[Your objective]
Exactly as written, reproduce the lines from the beginning of the data through the line containing "Светильник светодиодный ДКУ"; the pictures are not reproduced.

[Information supplied]
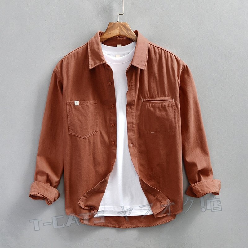 > ☆新品 トップス シャツジャケット カーゴシャツ ワークシャツ コットン 長袖シャツ メンズ? ウエスタン レンガの赤 L
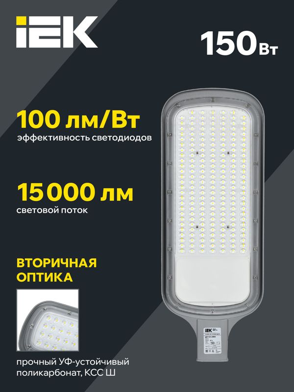 Светильник светодиодный ДКУ 1012-150Ш 5000К IP65 сер. IEK LDKU1-1012-150-5000-K03
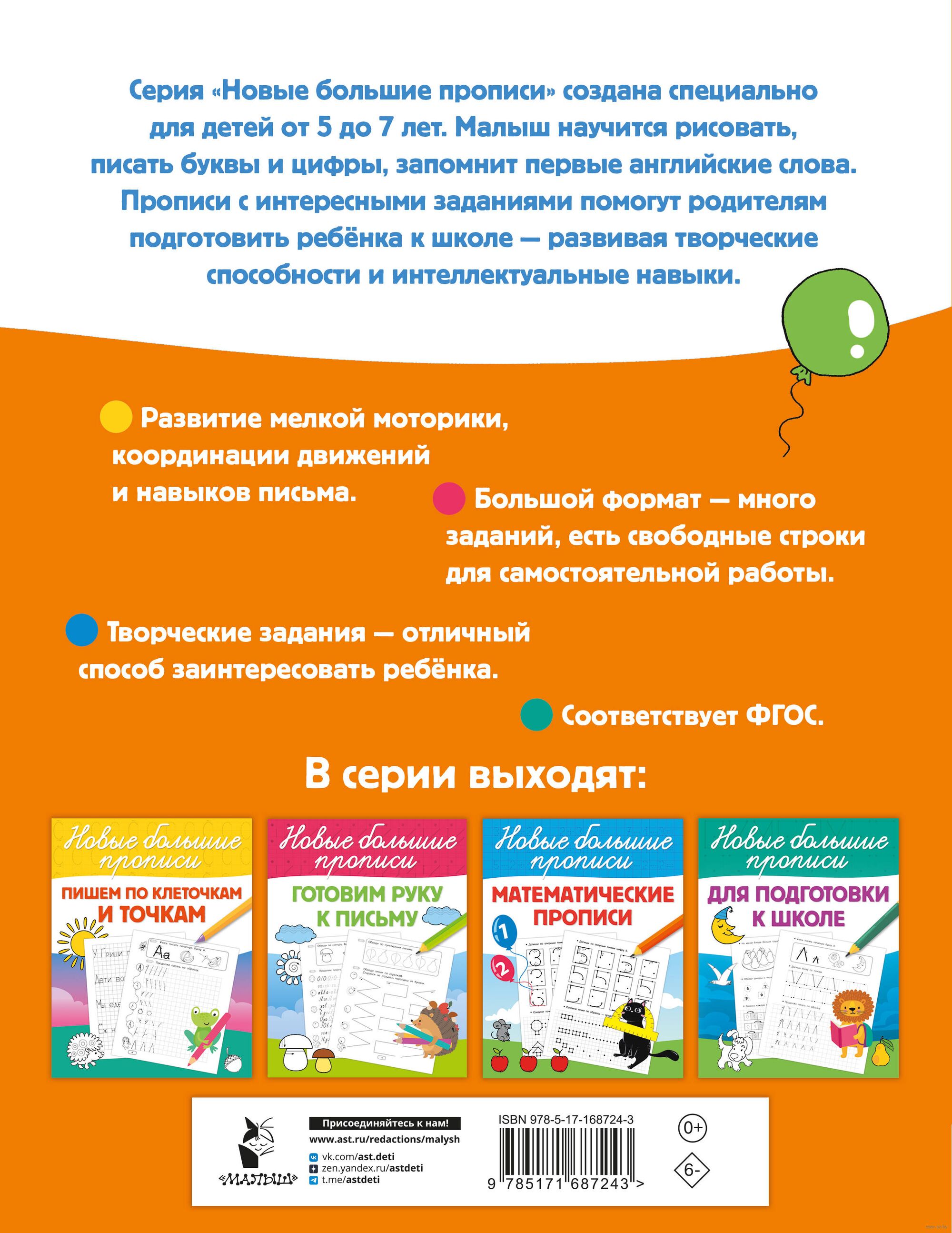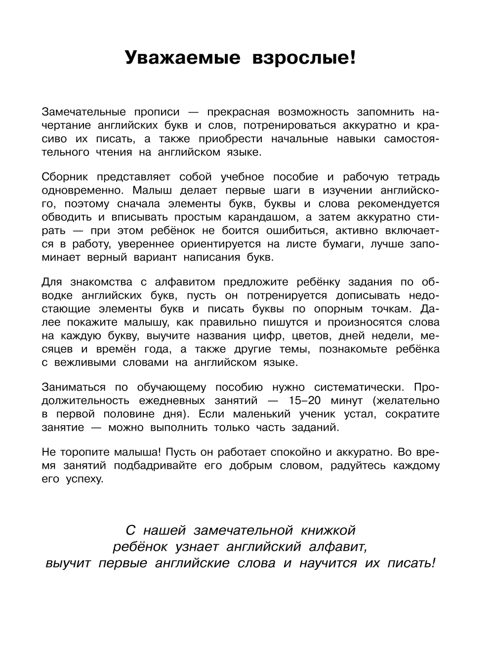 Совсем скоро ваш малыш пойдёт в первый класс! Занимательные развивающие прописи "Английский язык" помогут подготовить ребёнка к обучению в школе и к овладению полезными навыками: ребёнок шаг за шагом освоит английский алфавит, запомнит начертание английских букв и слов, сможет потренироваться аккуратно и красиво их писать, а также выучит более 100 английских слов и освоит азы самостоятельного чтения на английском языке. Прекрасно оформленная и методически выверенная книга большого формата поможет вам в ваших занятиях с дошкольником и превратит их в чудесное путешествие в Страну знаний.

[Exercise output]
 > ☆新品 トップス シャツジャケット カーゴシャツ ワークシャツ コットン 長袖シャツ メンズ? ウエスタン レンガの赤 L
 Светильник светодиодный ДКУ 1012-150Ш 5000К IP65 сер. IEK LDKU1-1012-150-5000-K03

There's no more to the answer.